Observation of phonon trapping in the continuum with topological charges

TL;DR

This paper demonstrates a novel phonon trapping method using topological bound states in the continuum, offering a new platform for advanced mechanical oscillators with potential quantum and sensing applications.

Contribution

It introduces mechanical BICs with topological features as a new paradigm for phonon trapping, overcoming limitations of traditional suspension methods.

Findings

Mechanical BICs operate at microwave frequencies and macroscopic sizes.

Characterization of mechanical losses at room and cryogenic temperatures.

Potential for quantum regime applications and advanced sensing modalities.

Abstract

Phonon trapping has an immense impact in many areas of science and technology, from the antennas of interferometric gravitational wave detectors to chip-scale quantum micro- and nano-mechanical oscillators.

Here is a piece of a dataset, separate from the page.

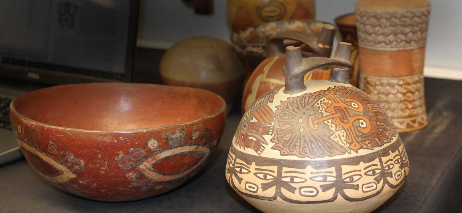 These ceramics are the most colorful pre-Columbian pottery ever produced in Peru. They are painstakingly handcrafted and painted with complex, sometimes dizzying, geometric and natural designs. Rich reds, yellows, oranges, and browns depict scenes of life, death, birth, and war. The iconography is broad in scope: both mundane plants and life-giving waters of the desert contrast with fantastical chimeras of animal-faced gods and startling motifs of severed trophy heads, lips sutured, and eyes closed in death.

It usually relies on the mechanical suspension--an approach, while isolating selected vibrational modes, leads to serious drawbacks for interrogation of the trapped phonons, including limited heat capacity and excess noises via measurements. To circumvent these constraints, we realize a new paradigm of phonon trapping using mechanical bound states in the continuum (BICs) with topological features and conducted an in-depth characterization of the mechanical losses both at room and cryogenic temperatures. Our findings of mechanical BICs combining the microwave frequency and macroscopic size unveil a unique platform for realizing mechanical oscillators in both classical and quantum regimes. The paradigm of mechanical BICs might lead to unprecedented sensing modalities for applications such as rare-event searches and the exploration of the foundations of quantum mechanics in unreached parameter spaces.